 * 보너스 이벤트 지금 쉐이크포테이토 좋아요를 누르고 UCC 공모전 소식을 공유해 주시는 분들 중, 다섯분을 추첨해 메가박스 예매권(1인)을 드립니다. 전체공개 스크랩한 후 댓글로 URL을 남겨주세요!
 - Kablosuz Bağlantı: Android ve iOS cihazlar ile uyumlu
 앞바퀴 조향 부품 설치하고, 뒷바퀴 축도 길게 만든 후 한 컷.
---
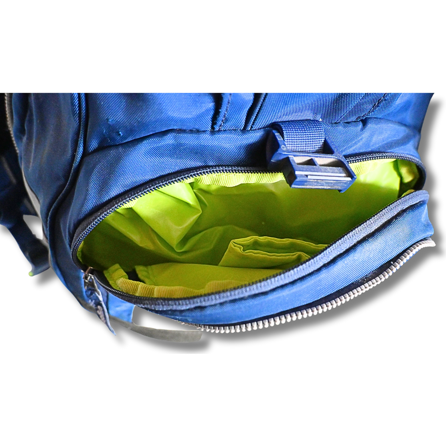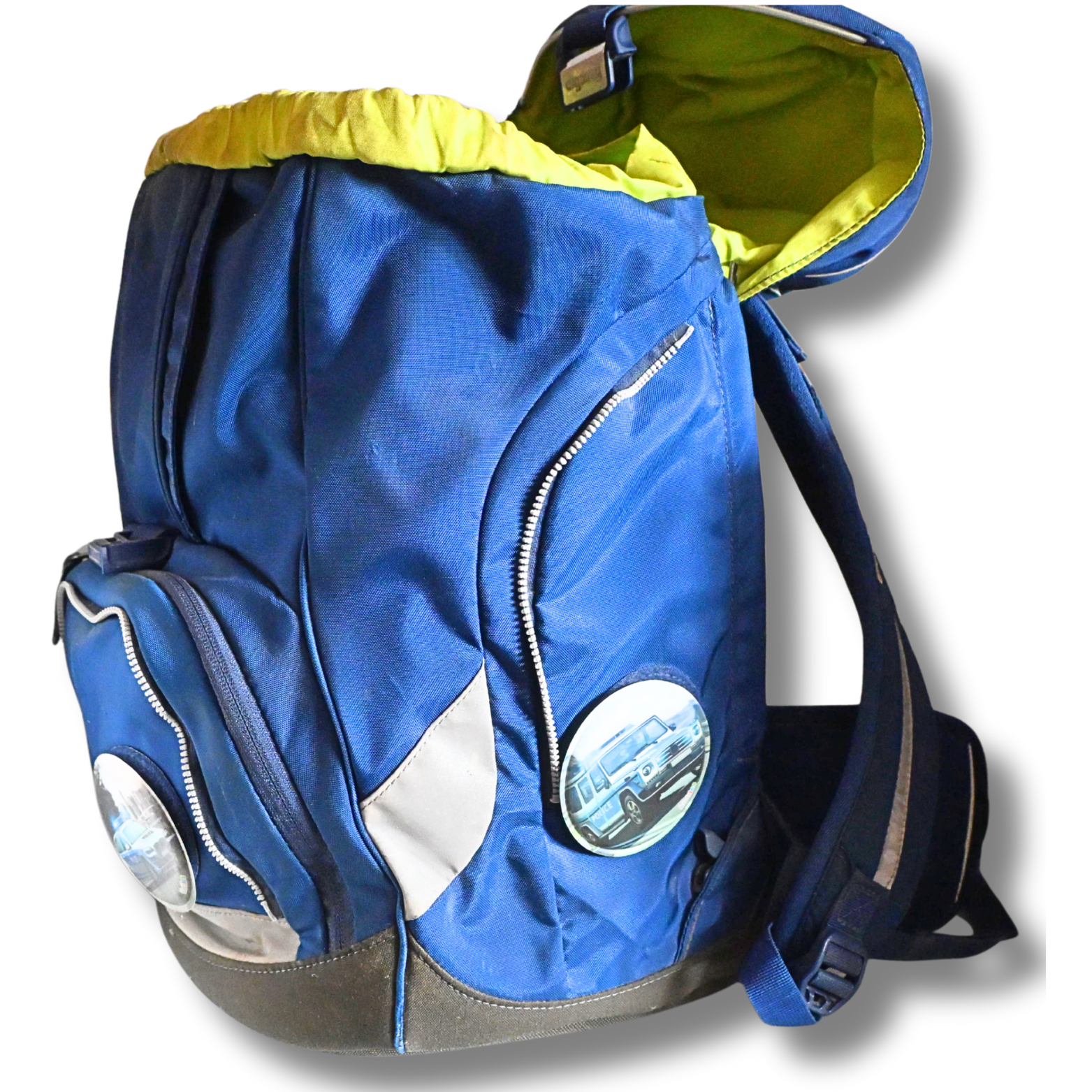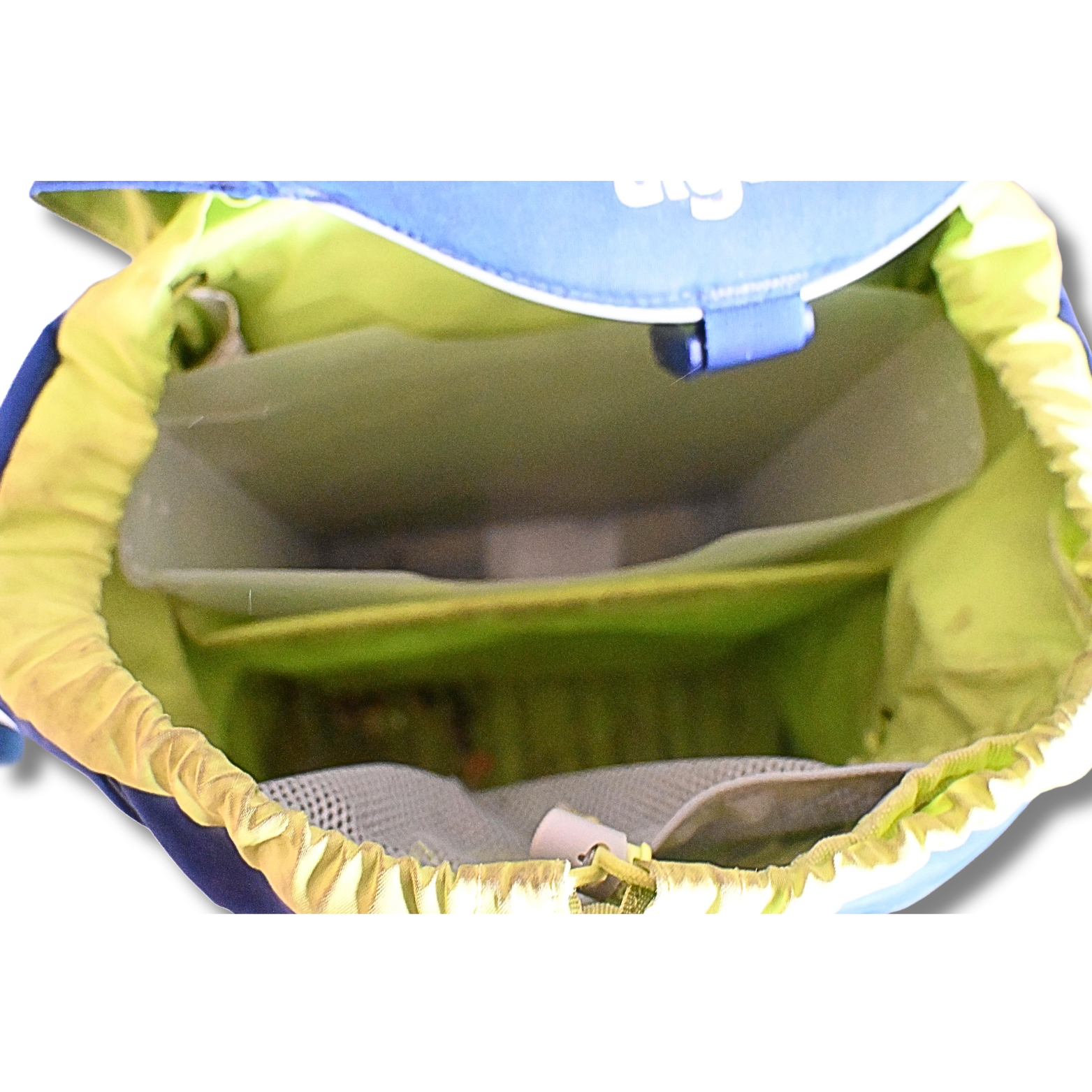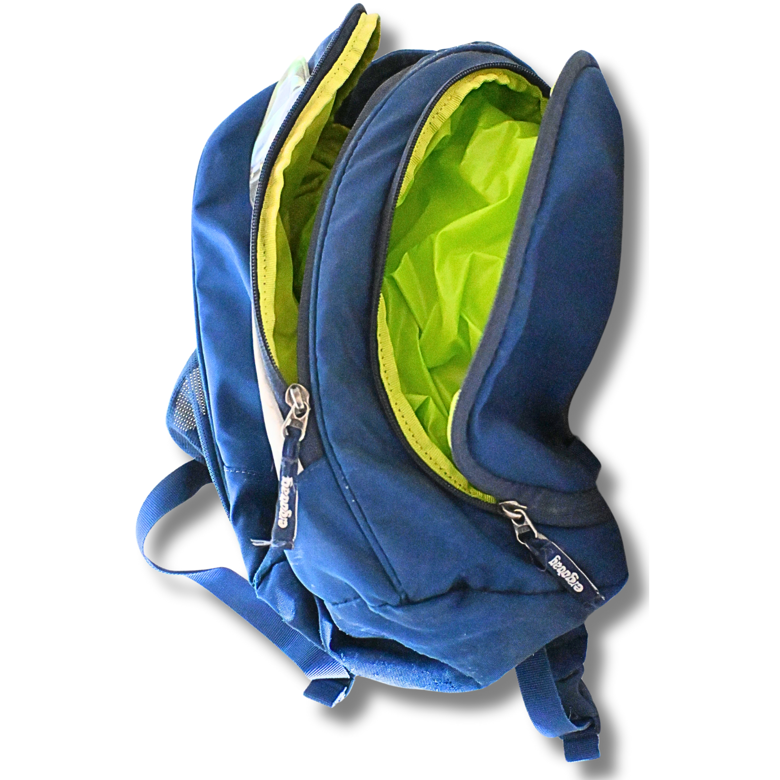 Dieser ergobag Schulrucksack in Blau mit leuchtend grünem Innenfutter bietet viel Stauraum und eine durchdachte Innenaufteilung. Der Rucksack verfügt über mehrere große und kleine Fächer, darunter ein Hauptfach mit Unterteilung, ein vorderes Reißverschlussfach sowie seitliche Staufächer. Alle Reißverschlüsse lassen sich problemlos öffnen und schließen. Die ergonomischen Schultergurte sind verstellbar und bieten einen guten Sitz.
* * *
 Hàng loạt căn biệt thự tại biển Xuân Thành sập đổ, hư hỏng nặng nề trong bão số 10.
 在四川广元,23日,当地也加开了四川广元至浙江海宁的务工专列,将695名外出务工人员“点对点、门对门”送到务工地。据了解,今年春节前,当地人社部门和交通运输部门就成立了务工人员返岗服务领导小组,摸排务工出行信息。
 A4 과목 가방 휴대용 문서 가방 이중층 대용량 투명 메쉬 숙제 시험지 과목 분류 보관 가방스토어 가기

- PROBLEM DETAILS:
From the entries above, restate word for word the lines from the line containing "댓글로 URL을 남겨주세요!" to the line containing "앞바퀴 조향 부품 설치하고, 뒷바퀴 축도 길게 만든 후 한 컷.", both ends included, and nothing more.

- EXERCISE ANSWER:
 * 보너스 이벤트 지금 쉐이크포테이토 좋아요를 누르고 UCC 공모전 소식을 공유해 주시는 분들 중, 다섯분을 추첨해 메가박스 예매권(1인)을 드립니다. 전체공개 스크랩한 후 댓글로 URL을 남겨주세요!
 - Kablosuz Bağlantı: Android ve iOS cihazlar ile uyumlu
 앞바퀴 조향 부품 설치하고, 뒷바퀴 축도 길게 만든 후 한 컷.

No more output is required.